Industry scale movement is long term movement & long term movement is measured in bulk of years. Say, for example, you want to develop a generation of scriptwriters to service an industry's needs. The skill development journey is a 10 year journey you can split into 3 milestones
with the second milestone being the first major one. That second milestone is the stage at which the intermediate learner should either be transitioning into advanced levels or settling into advanced levels, depending on skill, learning speed, prior arts exposure etc.
No different than the arc of Bachelors-Masters-internship which is designed to develop one across the beginner-intermediate-advanced levels in preparation for professional service.
This means that if you want to have a generation of high quality writers developed by 2022, you should have started the development program in 2012. As you move from first to second to third milestones, the ability and level of professional responsibilities the students can
handle grows. That way the students are eased into professional service in a way that allows them learn on the job without exposing them to damaging impacts of the professional world that could cause them to regress.
Long term planning is measured in bulk of years, so you group the milestones as 3-4-3 and measure output/returns in the process of and at the end of each milestone. This is extremely important because a lot of artistic development works through accumulated learning and leaps.
For example, a beginner can spend 1-2 years not making any significant progress but is actually benefiting from an accumulation of learning and when a Rubicon is eventually crossed they experience a leap in ability that seems to have come out of nowhere. This is one reason why
later works (created post breakthrough) are often so far superior to earlier works (created pre-breakthrough) that they seem like they couldn't have come from the same mind (technically, they both did and didn't). A development program has to account for this inherent nature.
This bulk of years that you have to work with means that every year missed is a milestone delayed by one year and as the years go by the long term plan is delayed by the bulk of the passing years. Sticking with the writer development example (with a milestone division of 3-4-3)
if you wanted to have a generation of high quality writers by 2022 you should've started a development program by 2012 with a reasonable expectation of progress by:

'15-'16
'19-'20
And '21 onwards
If you haven't kicked off by 2012, your program and long term yield are pushed forward to 2013 and 2023.

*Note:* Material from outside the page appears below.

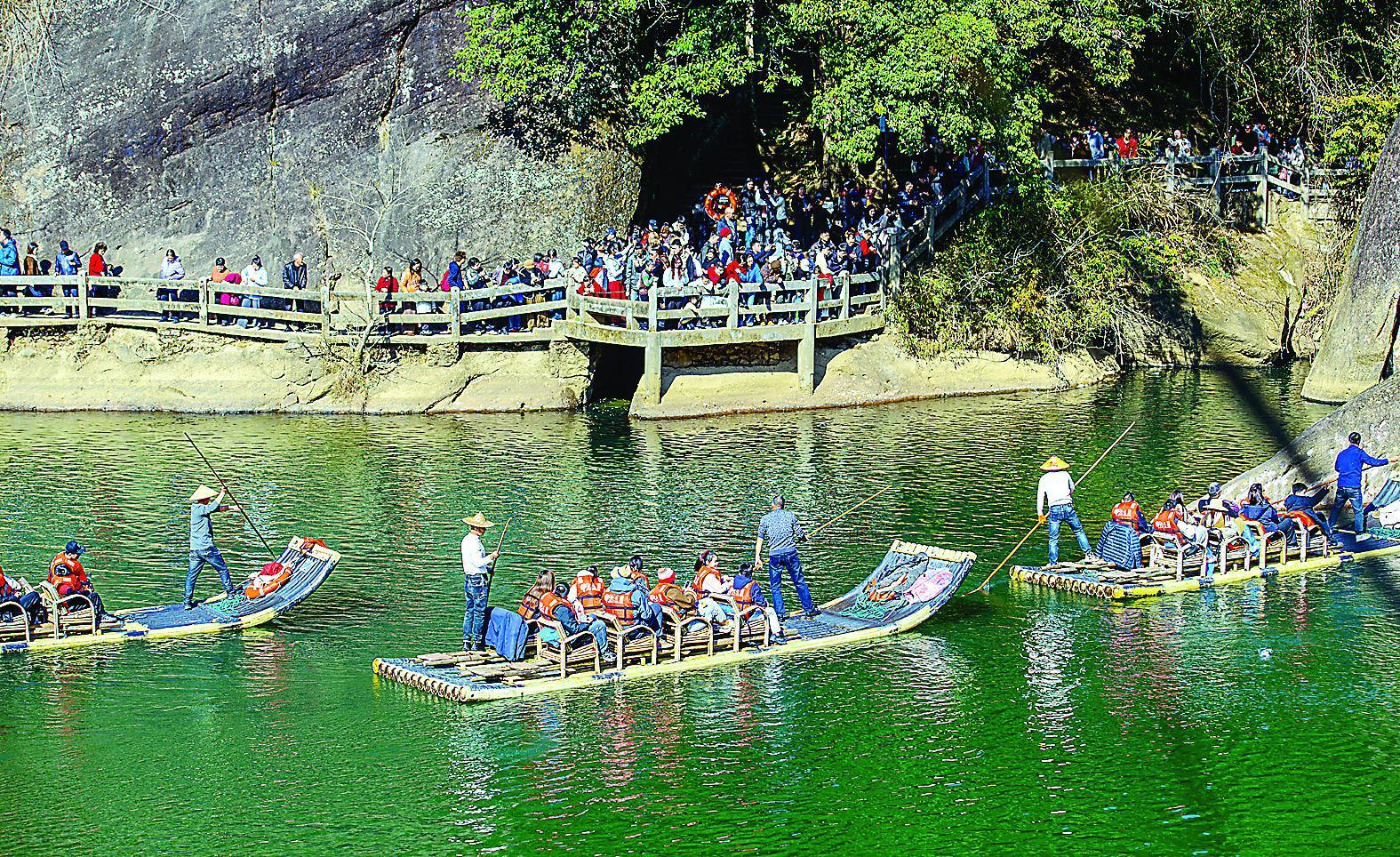 2月20日,正月初四,武夷山旅游市场热度持续攀升,围绕“春来武夷,马上有福”主题,当地推出了一系列诚意满满的惠民政策和年味十足的特色活动,凭借独特的山水魅力和浓厚的年味氛围,春节假期前六日接待游客量位列全省第一。图为武夷山景区内游人如织。(张筱惜 彭善安 摄)

If you haven't kicked off by 2017, they push forward to 2018 and 2027.

If they haven't kicked off by 2021, they push forward to 2022 and 2032.
(There's some more math behind it all but ain't nobody got time for that.)

Therein lies the devious trick in long term problems, they grow exponentially while we grow (and experience time) arithmetically. Should the best window(s) to initiate a long term plan be missed, it then
requires willpower to re-initiate. If the subject is an individual, this would only be a problem to the individual who can't find the necessary willpower. But when the subject is an industry, ya, then you're in real trouble. First of all, it's never healthy for an industry to be
in a place where its advancements turn on soft characteristics like willpower. It means there are deeper deficiencies like the absence of a philosophy. Also, the complexity of consciousnesses at the collective level means soft characteristics grow at a very slow rate.
TLDR: Get thine shit together or be fooked.